They also informed us that they wouldn’t want to maintain their position as Directors of the above mentioned companies [Exem Energy, Exem Oil & Gas en Overseas Investment Holdings, vrz.].
Due to that information, we contacted Trust Company Amsterdam to transfer the files from United Trust. (…)”
2.9.
Op 21 januari 2020 heeft het Financieele Dagblad op de voorpagina een artikel van [gedaagde sub 3] geplaatst over het strengere toezicht op de trustsector en de buitenlandse klanten met een slechte reputatie die daardoor uit Nederland vertrekken. Op zowel pagina 10 van de papieren editie als online is onder de kop “Bv’s Dos Santos duiken onder de radar” een tweede artikel van [gedaagde sub 3] gepubliceerd. In dat artikel staan onder meer de volgende passages:
“(…)
‘Zoek een trustkantoor dat kleiner is en meer onder de radar zit’. Het is een van de overwegingen die in de zomer van 2015 ter tafel komen. Vertegenwoordigers van Isabel dos Santos , de dochter van de toenmalige president van Angola, noteren deze optie als een van de mogelijkheden voor haar Nederlandse bv’s na een gesprek met medewerkers van United Trust.
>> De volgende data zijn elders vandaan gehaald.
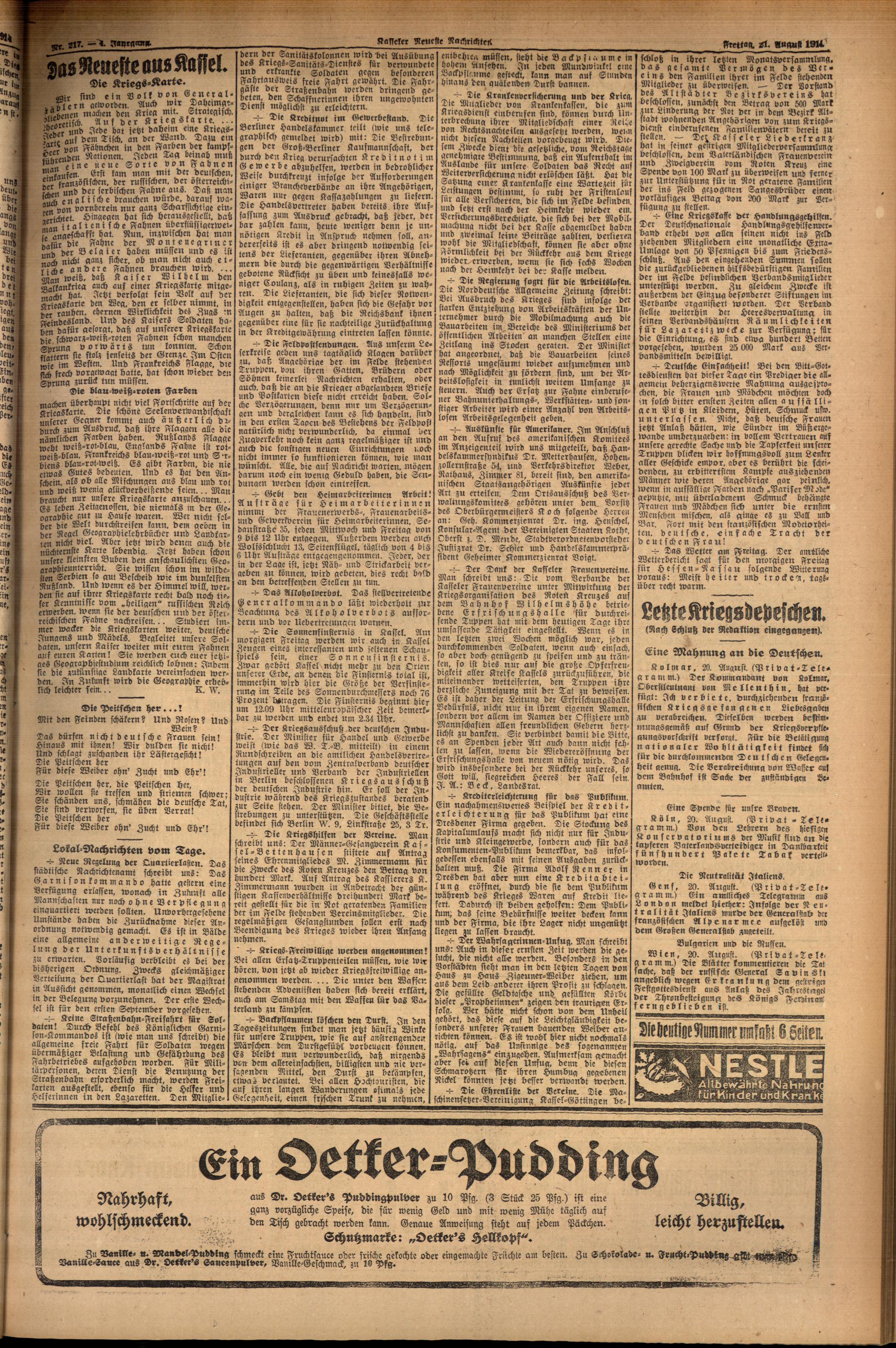 Casseler neueste Nachrichten. 1914-1918
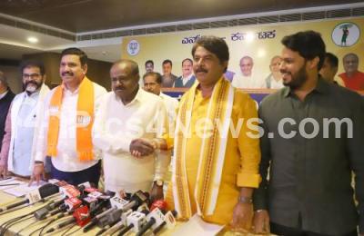 Photo Caption : Union Minister and JD(S) State President HD Kumarswamy with BJP State President BY Vijayendra, BJP and JD(S) leaders R Ashoka, Chalavadi Naraynswamy, Nikhil Kumarswamy and others during joint press conference at a private hotel, in Bengaluru on Saturday 10th January 2026

Dat trustkantoor wil de dienstverlening aan die vennootschappen stoppen. Uit het gespreksverslag blijkt dat dit mede zou zijn gebeurd na aandringen van De Nederlandsche Bank (DNB), de toezichthouder op de trustkantoren in Nederland. (…)
Twee jaar later [in 2015, vzr.] komt het idee bovendrijven om de bv’s opnieuw te verhuizen, naar een nog kleiner kantoor dat ‘meer onder de radar zit’. Een medewerker van Dos Santos zegt in een e-mail: ‘United Trust heeft ons geïnformeerd dat de bedrijven waar Isabel en Sindika eigenaar van zijn, stelselmatig zijn onderzocht door de Nederlandse autoriteiten en dat het klantonderzoek extreem complex is. Zij hebben ons gemeld dat zij niet meer de bestuurders van deze bedrijven willen zijn.’
(…)
Vanwege het stoppen van de dienstverlening door United Trust zitten vertegenwoordigers van Dos Santos en medewerkers van het trustkantoor in juni 2015 bij elkaar om mogelijke alternatieven te bespreken. Volgens het gespreksverslag van Dos Santos ' Portugese advocaat Jorge Brito Pereira liggen er drie opties op tafel: uit Nederland vertrekken, een eigen ruimte in Nederland huren en managers inhuren of een kleiner trustkantoor zoeken dat ‘meer onder de radar zit’. (…)”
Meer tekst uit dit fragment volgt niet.